§ **PROBLEM TO SOLVE**
With the pictures left out, retype exactly the lines below starting at the line that contains "Des weiteren habe" and ending at the line that contains "of the parameters".

§ **DATA IN THIS EXERCISE**

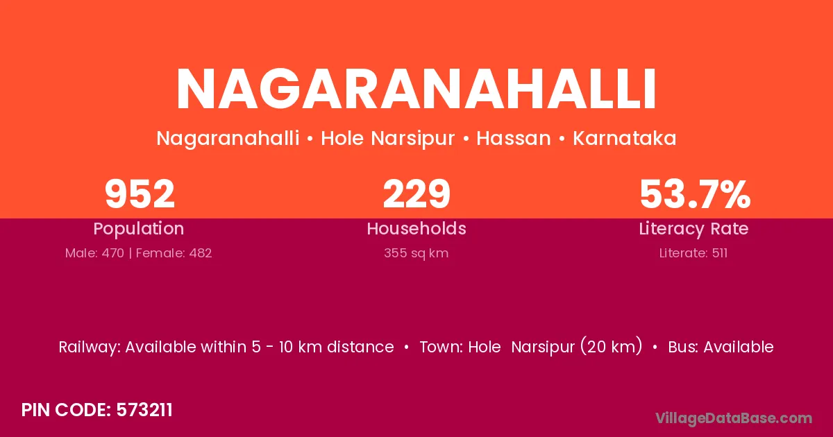 Hole Narsipur (20 km) is the nearest town to Nagaranahalli village for major economic activities and is located approximately 20 km away.
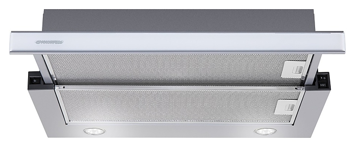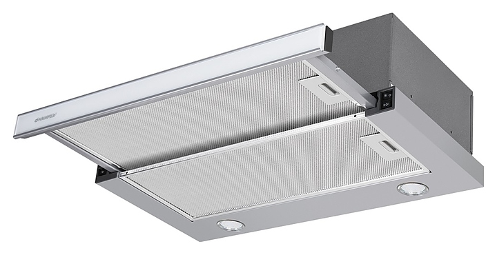 Встраиваемая кухонная вытяжка Maunfeld VS Slide 60 предназначена для очистки воздуха от продуктов горения, копоти и запахов в процессе приготовления пищи путем принудительной вентиляции в домашних условиях. Модель оснащена электродвигателем Fime (Италия), выдвижной панелью, 2 круглыми светодиодными светильниками и панелью управления с 2 колыбельными переключателями. Корпус выполнен из высококачественной нержавеющей стали с матированной поверхностью, фасад выдвижной панели – из прочного закаленного стекла белого цвета с глянцевой поверхностью, фильтр – из алюминия. В комплект поставки входят набор монтажных креплений, антивозвратный клапан и инструкция по эксплуатации. Особенности:
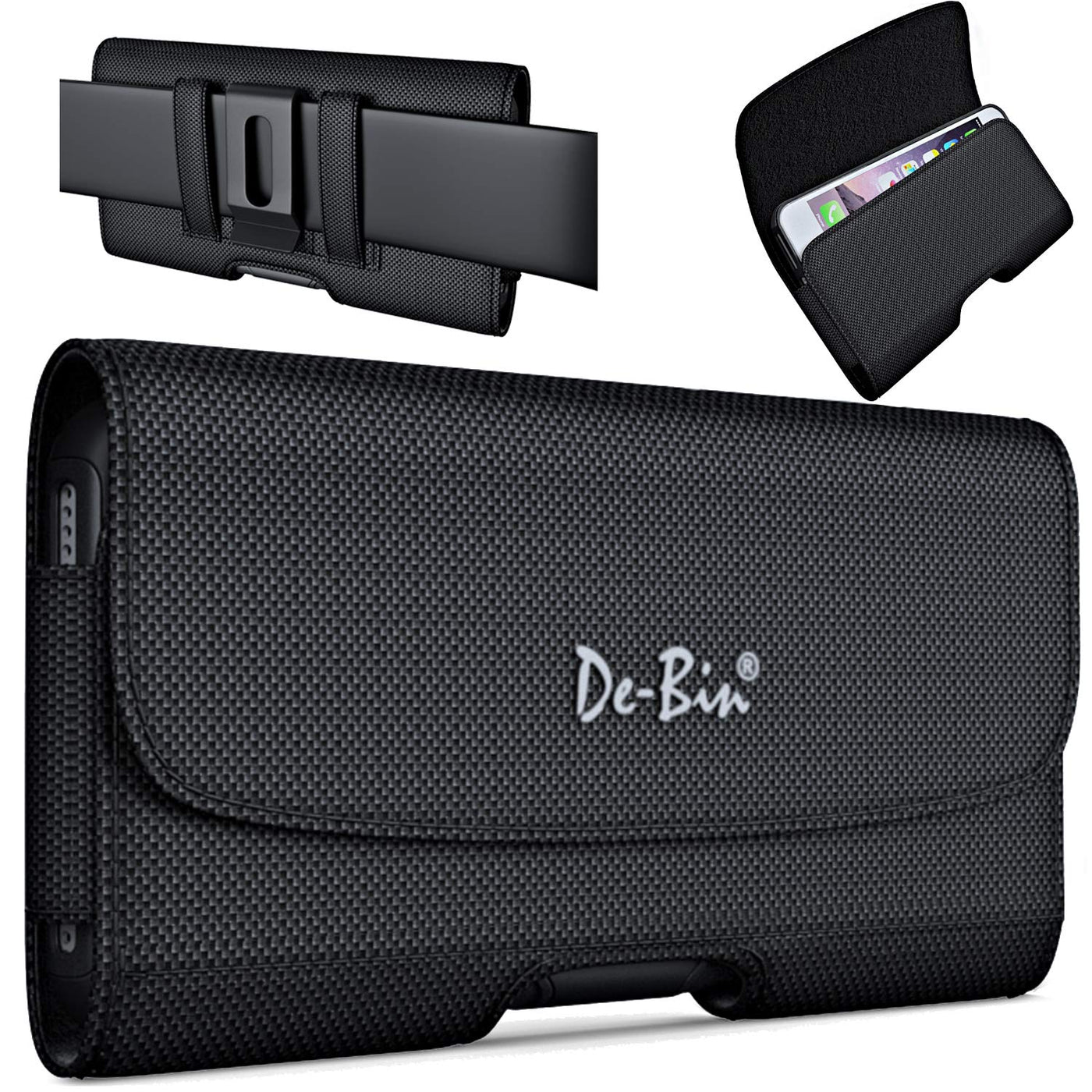 De-Bin Case For Iphone 15, 15 Pro, 14, 14 Pro, 13 Pro, 12 Pro, 12, 11, Xs, X Xr, Cell Phone Belt Holder Holster Case With Belt Clip Nylon Carrying Pouch Cover (Fits Iphone With Protective Case On) Medium Black
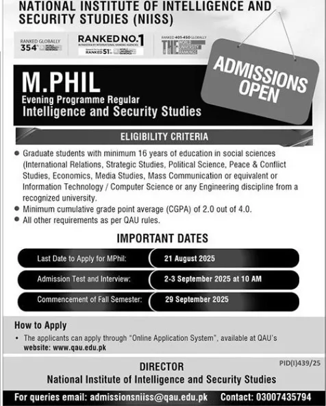 Last date to apply for Quaid-e-azam University QAU Islamabad admission 2025 is 21 August, 2025
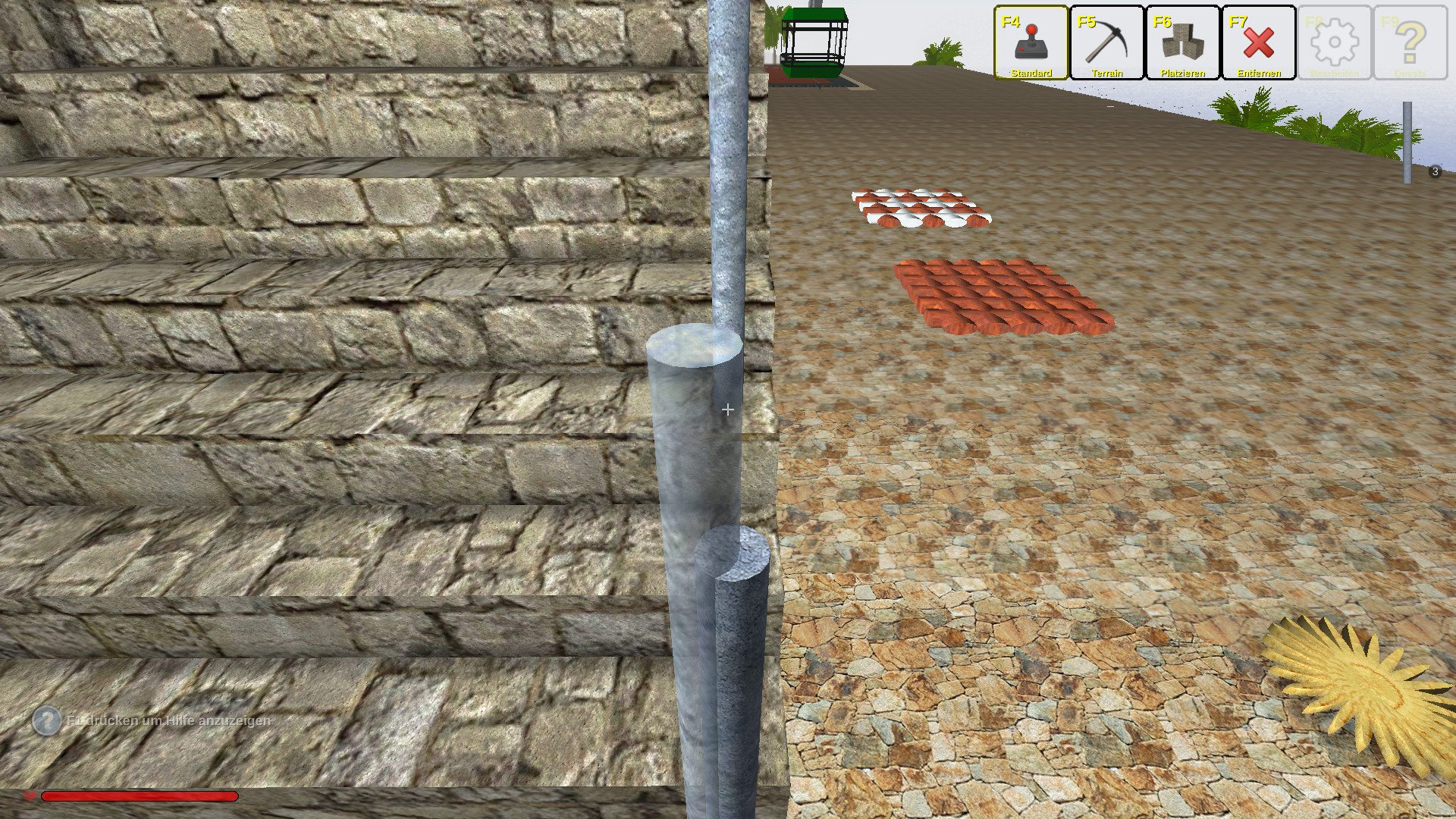 Des weiteren habe ich an einer Treppe Pfosten für ein Geländer gesetzt, dabei musste ich noch mal zurück ( ausgeführt habe ich das Zurück mit setp 15 und der Pfeiltaste nach links. unten angekommen war der Pfeiler versetzt. Weis da jemand was ich falsch mache oder ob es an etwas anderem liegt
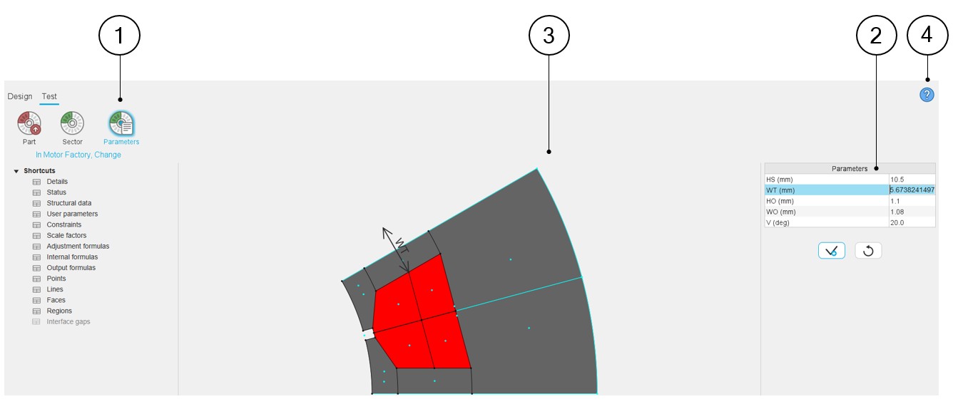 of the parameters in Motor Factory. It allows testing the robustness of the part when all its user input parameters are changed. The user input parameter corresponds to the input parameter of the considered part to test. |
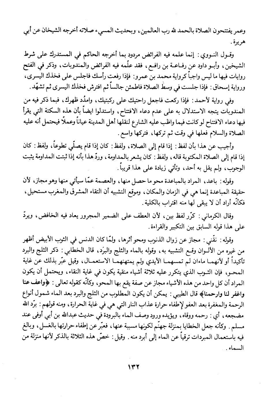 وقال الكرماني: كرّر لفظ بين؛ لأن العطف على الضمير المجرور يعاد فيه الخافض، ويردّ على هذا قوله السابق بين التكبير والقراءة. وقوله: نقّني: مجاز عن زوال الذنوب ومحو أثرها، ولمّا كان الدنس في الثوب الأبيض أظهر من غيره من الألوان وقع التشبيه به، وقوله بالماء والثلج والبرَد، قال الخطابي: ذكر الثلج والبرد تأكيدًا أو لأنهما ماءان لم تمسهما الأيدي ولم يمتهنهما الاستعمال، وقيل عبّر بذلك عن غاية المحو، فإن الثوب الذي يتكرر عليه ثلاثة أشياء منقية يكون في غاية النقاء، ويحتمل أن يكون المراد أن كل واحد من هذه الأشياء مجاز عن صفة يقع بها المحو، وكأنه كقوله تعالى: {وَاعْفُ عَنَّا وَاغْفِرْ لَنَا وَارْحَمْنَا} قال الطيبي: يمكن أن يكون المطلوب من الثلج والبرد بعد الماء شمول أنواع الرحمة والمغفرة بعد العفو لإطفاء حرارة عذاب النار التي هي في غاية الحرارة، ومنه قولهم: برّد الله مضجعه، أي: رحمه ووقاه، ويؤيده ورود وصف الماء بالبرودة في حديث عبد الله بن أبي أوفى عند مسلم. وكأنه جعل الخطايا بمنزلة جهنّم لكونها مسببة عنها، فعبّر عن إطفاء حرارتها بالغسل، وبالغ فيه باستعمال المبردات ترقيًا عن الماء إلى أبرد منه. وقيل: خصّ هذه الثلاثة بالذكر لأنها منزلة من السماء.
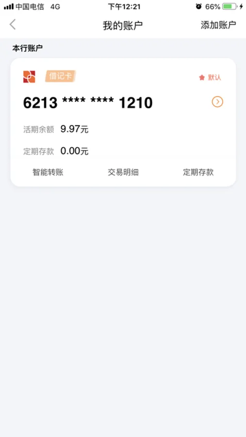 交易明细:可显示手机银行下挂账户的所有交易,包括行内转账、跨行转账及定期存款和七天通知存款的存入和支取。
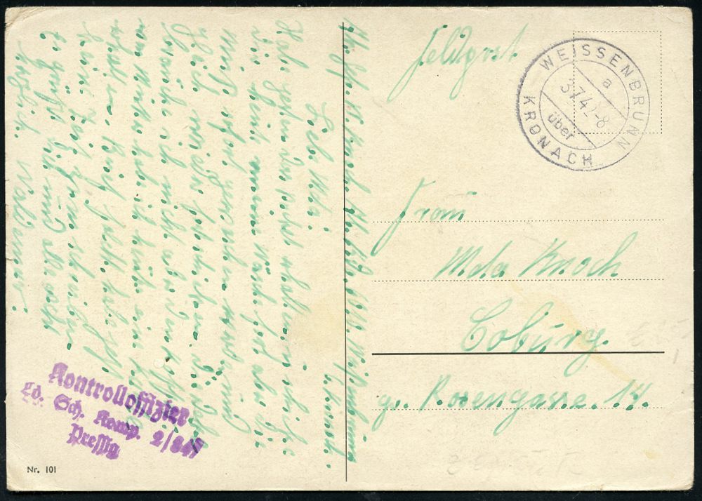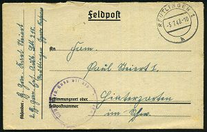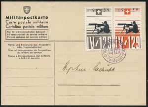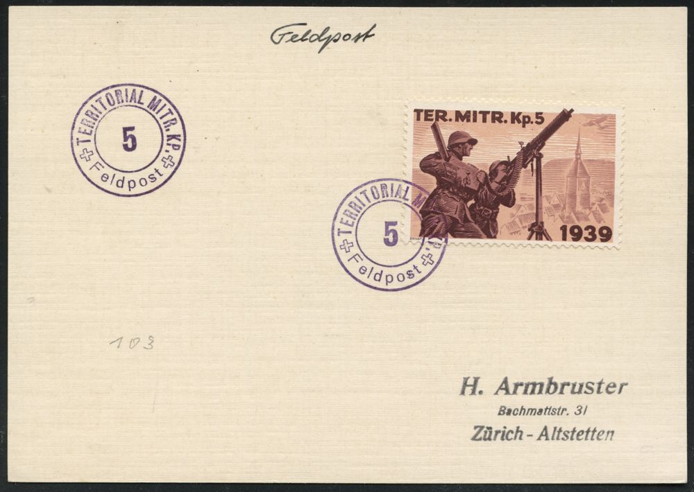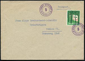 2573 | 14 € | II. WELTKRIEG (1939 - 1945) : SCHWEIZ 1939 Soldatenmke. "TER.MITR.Kp.5" , gez. viol./rötl./braun = sFla-MG , 2x viol. Feldpost-2K: TERRITORIAL MITR. KP./5/Feldpost, klar gest. Feldpost-Kt. (Su.49.1) | ![]() | |
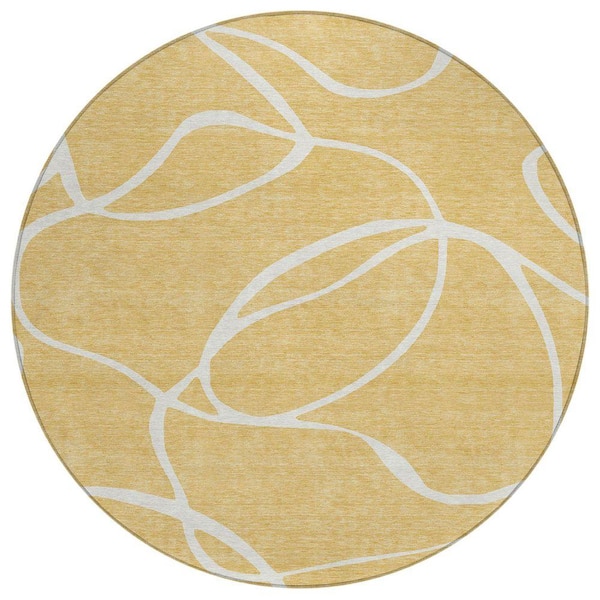 Chantille Machine Washable Indoor/Outdoor Abstract ACN999 Gold 8 ft. x 8 ft. Area Rug
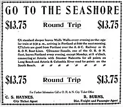 - ^ "Go to the Seashore", Walla Walla Evening Statesman (advertisement), vol. 33, no. 27, Walla Walla, Washington, 6, col.3, Aug 22, 1906
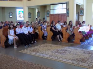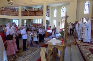 Vizita pastorală a cuprins de asemenea, clipele de intensă emoție prilejuite de primirea de către 8 copii a Trupului şi Sângelui Domnului din mâna Preasfinţiei Sale Florentin, Episcop de Cluj-Gherla. Adresându-se familiilor celor mai tineri credincioşi greco-catolici deveniţi membri deplini ai Bisericii Unite cu Roma, PS Florentin a spus: „Familia trebuie să fie şcoala iubirii, şcoala rugăciunii şi şcoala muncii – faceţi în aşa fel încât familia să fie, prin unitatea şi prin iubirea ei, o lumină în lume. Faceţi ca această luminiţă a credinţei pe care copiii voştri au primit-o astăzi în suflete să poată creşte mare în continuare!”
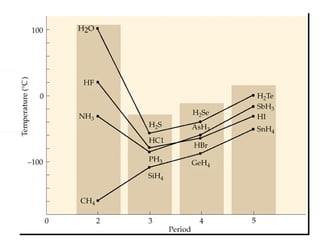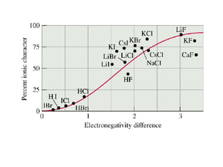 This document discusses electronegativity and electron affinity. It explains that electronegativity is an atom's ability to attract electrons in a covalent bond, and fluorine is the most electronegative while cesium is the least. Electron affinity is the energy change when an electron is added to a gaseous atom or ion. The difference in electronegativity between elements in an ionic compound determines its ionic character. Compounds with a difference greater than 1.7 are considered ionic. Electronegativity also influences molecular properties like polarity and boiling points through hydrogen bonding abilities.
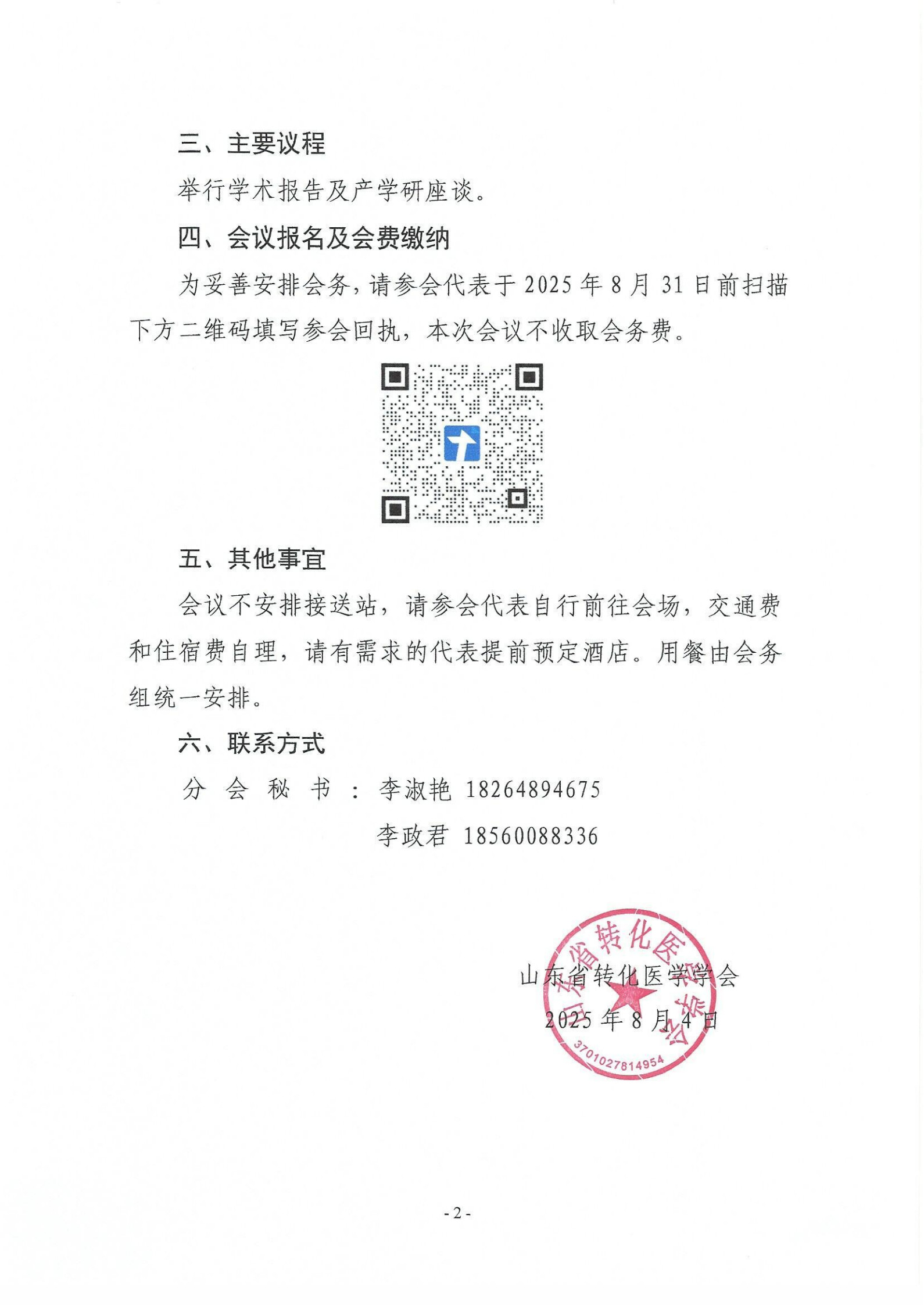 为促进山东省皮肤医学专业在转化医学领域高质量发展,规范和提高全省皮肤科医生炎性疾病及皮肤外科疾 病的诊疗水平,山东省转化医学学会定于2025年9月19日-20日在泰安市召开山东省转化医学学会皮肤医学分会第二届学术会议暨泰安市医学会皮肤病学专业委员会2025年学术会议,进行学术报告交流。会议信息详见附件。
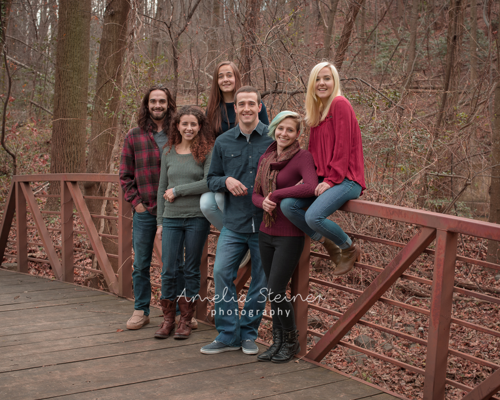 Love this bridge for these winter photographs. It’s just enough off the beaten path, making it a perfect location for this family when they were all together recently. These guys totally know how to make the most of their time together. Underneath the joking and jesting, it looks like there’s a lot of fun, love, respect, support and tolerance for each other. The best kind of family.

§ **EXERCISE ANSWER**
 Des weiteren habe ich an einer Treppe Pfosten für ein Geländer gesetzt, dabei musste ich noch mal zurück ( ausgeführt habe ich das Zurück mit setp 15 und der Pfeiltaste nach links. unten angekommen war der Pfeiler versetzt. Weis da jemand was ich falsch mache oder ob es an etwas anderem liegt
 of the parameters in Motor Factory. It allows testing the robustness of the part when all its user input parameters are changed. The user input parameter corresponds to the input parameter of the considered part to test. |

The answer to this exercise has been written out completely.